Does plasma IGF-BP3 measurement contribute to the diagnosis of growth hormone deficiency in children?

OBJECTIVE

To audit the contribution of plasma IGF-PB3 measurement to the diagnosis of growth hormone deficiency (GHD) in children.

POPULATION AND METHODS

Retrospective case study including boys and girls aged 0 to 18 years who attended our paediatric endocrinology clinic for short stature and/or post-irradiation follow-up, and had at least one GH provocative testing. Children with hypothyroidism, Laron or Kowarski syndromes, severe malnutrition, chronic renal failure and liver failure were excluded.

RESULTS

Fifty-eight children were enrolled and grouped as GHD [+] (19 cases) and GDH [-] (39 cases). IGF-I and IGF-BP3 assay was carried out in 88% and 62% cases respectively, both groups were comparable for age, sex, BMI, target height, pubertal stage and bone age. There was a significant difference in peak GH between GDH [-] and GHD [+] groups (41.8 mUI/L ± 21.7 versus 11.5 ± 5.9 mUI/L, P<0.00001, respectively). No difference was found between groups with regards to IGF-I Z-scores and IGF-BP3 Z-scores.
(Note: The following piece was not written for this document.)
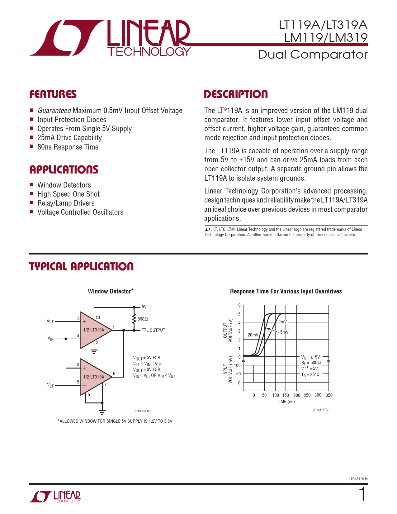 LT119A/LT319A LM119/LM319 Dual Comparator FEATURESDESCRIPTION n Guaranteed Maximum 0.5mV Input Offset Voltage The LT®119A is an improved version of the LM119 dual n Input Protection Diodes comparator. It features lower input offset voltage and n Operates From Single 5V Supply offset current, higher voltage gain, guaranteed common n 25mA Drive Capability mode rejection and input protection diodes. n 80ns Response Time The LT119A is capable of operation over a supply range from 5V to ±15V and can drive 25mA loads from each APPLICATIONS open collector output. A separate ground pin allows the LT119A to isolate system grounds. n Window Detectors n Linear Technology Corporation’s advanced processing, High Speed One Shot n design techniques and reliability make the LT119A/LT319A Relay/Lamp Drivers n an ideal choice over previous devices in most comparator Voltage Controlled Oscillators applications. L, LT, LTC, LTM, Linear Technology and the Linear logo are registered trademarks of Linear Technology Corporation. All other trademarks are the property of their respective owners. TYPICAL APPLICATIONWindow Detector*Response Time For Various Input Overdrives 5V 6 5 VUT + 3 10 500Ω 4 2mV 1 1/2 LT319A TTL OUTPUT 3 20mV 5mV V OUTPUT IN – 4 2 VOLTAGE (V) 2 1 VOUT = 5V FOR 0 VS = ±15V 8 R + VLT ≤ VIN ≤ VUT 100 L = 500Ω VOUT = 0V FOR V++ = 5V 6 INPUT 50 1/2 LT319A VIN ≤ VLT OR VIN ≤ VUT TA = 25°C 9 VOLTAGE (mV) V 0 LT – 7 5 0 50 100 150 200 250 300 350 TIME (ns) LT119/319 TA2 LT119/319 TA1 *ALLOWED WINDOW FOR SINGLE 5V SUPPLY IS 1.2V TO 3.8V 119a319afc 1 Document Outline Features Applications Description Typical Application Absolute Maximum Ratings Pin Configuration Order Information Electrical Characteristics Typical Performance Characteristics Typical Applications Schematic Diagram Package Description Revision History Typical Application

There was, however, a positive correlation between IGF-I Z-scores and IGF-BP3 Z-scores (r=0.50; P<0.0016). IGF-BP3 measurement could not differentiate between GHD [+] and GHD [-] groups.

CONCLUSIONS

Measurement of plasma IGF-BP3 level contributes poorly to the diagnosis of GHD. We do not recommend it in routine use.